Background and early career
Money[3] was born in Genoa, Italy. His father was Anglo-Italian and his mother English.[4] He was educated privately[5] and, in 1903, largely anglicised his name, appending "Money" for what Lloyd George's biographer John Grigg has described as "eponymous reasons".[6] He and his English wife Gwendoline had a daughter, Gwendoline Doris, born in 1896.[7]
Economic publications
In London, Money established himself as a journalist, becoming especially noted for his use of statistical analysis.
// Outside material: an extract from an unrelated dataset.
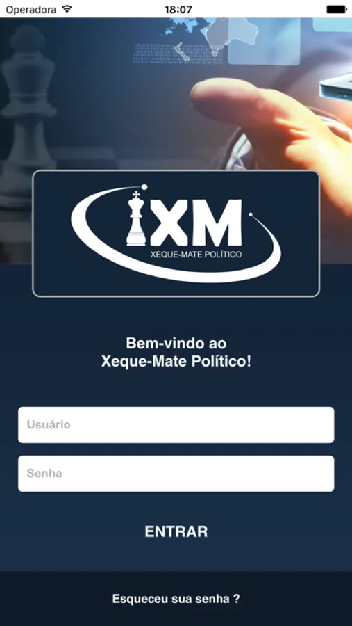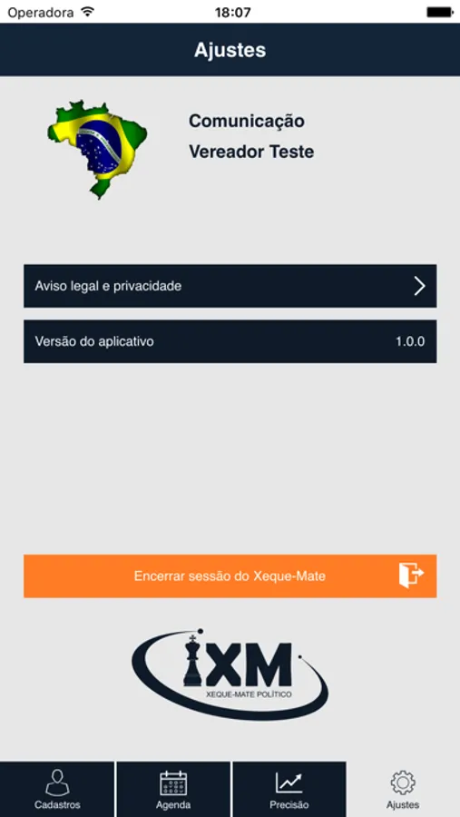 O Objetivo do aplicativo é cadastrar pessoas para o candidato se relacionar através de um sistema web, o app tem acesso a Agenda do Candidato. Depois de ter baixado e inserido a chave de acesso, usuário e senha previamente cadastrado no sistema web Xeque-Mate Político contratado pelo candidato da sua região. O aplicativo irá funcionar no método online.
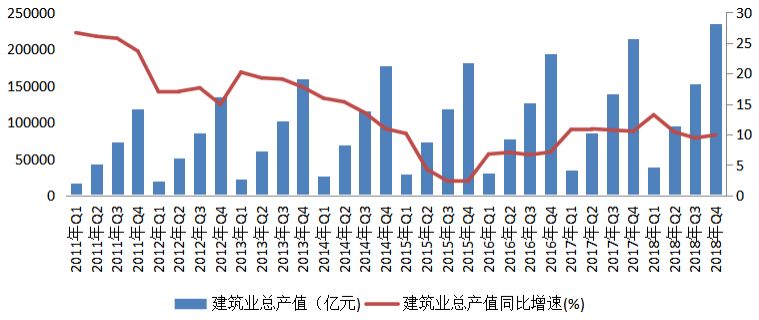 2018年全国建筑业总产值为235086亿元,与上年同期相比增长9.9%,增速自2015年跌入谷底后,稳步提升,自2017年第一季度开始,增幅虽有波动,但是保持在10%左右。全国建筑业房屋建筑施工面积140.9亿平方米,同比增长6.9%。

He has sometimes been referred to as a "New Liberal" economist.[8] From 1898 to 1902 he was managing editor of Henry Sell's Commercial Intelligence, a journal devoted to the cause of free trade, which Money further championed in his books British Trade and the Zollverein Issue (July 1902)[9] and Elements of the Fiscal Problem (1903). These were timely given the increasingly fervent political and public debate about Imperial Preference, a cause which led Joseph Chamberlain to resign from Arthur Balfour's Conservative government in 1903.[10] Money argued that, although nobody was proposing a true "British Zollverein or Imperial Customs Union ... an imperial nation like ours cannot afford to benefit the colonies by giving a tariff preference to their products, for ... they cannot supply them in sufficient quantities to support our industries and people".[11] His thinking appears to have had some influence on Winston Churchill, then a Conservative Member of Parliament (MP), who crossed to the Liberal Party in 1904 ostensibly because of his Free Trade principles;[12] however, in later correspondence with Money, Churchill probably overstated the extent of his influence.[13] Even so, Churchill told Money plainly in 1914 that he was "a master of efficient statistics and no one states a case with more originality or force"[14]
Riches and Poverty (1905)
In 1905 Money published the work for which he became most noted, Riches and Poverty. This analysis of the distribution of wealth in the United Kingdom, which he revised in 1912, proved influential and was widely quoted by socialists, Labour politicians and trade unionists. The future Labour Prime Minister, Clement Attlee, whose government from 1945-51 established the modern welfare state, recalled that, while he was working at a boys' club at Haileybury, he had spent an evening studying Riches and Poverty.[15] Among other things, Money claimed that 87% of private property was owned by 883,000 people (or 4.4 million if families and dependents were included), while the remaining 13% was shared between 38.6 million. These and other calculations were contested at the time as taking insufficient account of age and family structures, but were frequently cited as the best available figures of their kind.[16] Money sought also to quantify Britain's middle class and its per capita wealth, calculating that 861,000 people in 1905 and 917,000 in 1912 owned property worth between £500 and £50,000,[17] although, allowing for four dependents per property owner, the per capita figure was less that £1,000. In general his findings pointed to the modest size of most middle class fortunes in Edwardian times, a picture broadly consistent with calculations made by Robert Giffen and Michael Mulhall in the 1880s (although Money took the view that business wealth was becoming increasingly concentrated in a few hands, whereas, towards the end of the 19th century, Giffen and others, such as Leone Levi, had concluded that such wealth was being spread more widely).[18]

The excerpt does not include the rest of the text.